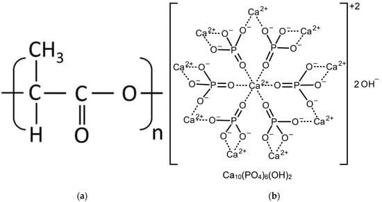 Materials based on calcium phosphates and biodegradable polymers are of the greatest interest. Composite mixtures of these materials may obtain unique functional properties, such as high restorability, sufficient mechanical strength, and the absence of negative reactions from the living body [4,5,6]. Composite materials based on polylactic acid and hydroxyapatite (PLA/HA) were recognized as the most promising biocompatible materials for bone implantation, since polymer based on lactic acid can decompose in a living body without the formation of toxic compounds, while the inorganic component—hydroxyapatite (HA)—is the main mineral component included in natural human bone tissue [7]. Moreover, HA has osteoconductive properties and a low resorption rate, so it can be widely used as a bone graft material [8,9].
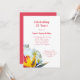 Inbjudan till förnyelse av vigsel med en tropisk bukett av hawaiianska blommor. Modern mörk rosa tryckt text är lätt att anpassa med antal år som man är gift högst upp. Ett extra stycke finns för information om mottagningen, eller använd "mottagning följer", eller ta bort det helt. En bukett av vita plumeria / frangipani, rosa hibiskus och gula paradisfågelsblommor är designen i det nedre hörnet. Baksidan är enfärgat mörk rosa.
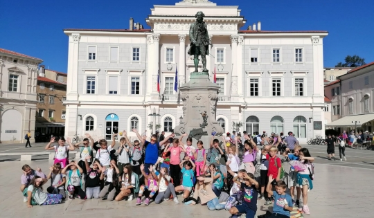 Po okusnem zajtrku smo se odpravili na izlet v Piran. Sprehodili smo se skozi ozke uličice, občudovali stavbe in se ustavili na Tartinijevem trgu, kjer smo imeli nekaj prostega časa za nakup spominkov in seveda za obvezen sladoled.

**Exercise aim:** Once the line with "Inbjudan till förnyelse" is found, output it and every line after it through the end of the listing, exactly, without pictures.

**Your solution:**
 Inbjudan till förnyelse av vigsel med en tropisk bukett av hawaiianska blommor. Modern mörk rosa tryckt text är lätt att anpassa med antal år som man är gift högst upp. Ett extra stycke finns för information om mottagningen, eller använd "mottagning följer", eller ta bort det helt. En bukett av vita plumeria / frangipani, rosa hibiskus och gula paradisfågelsblommor är designen i det nedre hörnet. Baksidan är enfärgat mörk rosa.
 Po okusnem zajtrku smo se odpravili na izlet v Piran. Sprehodili smo se skozi ozke uličice, občudovali stavbe in se ustavili na Tartinijevem trgu, kjer smo imeli nekaj prostega časa za nakup spominkov in seveda za obvezen sladoled.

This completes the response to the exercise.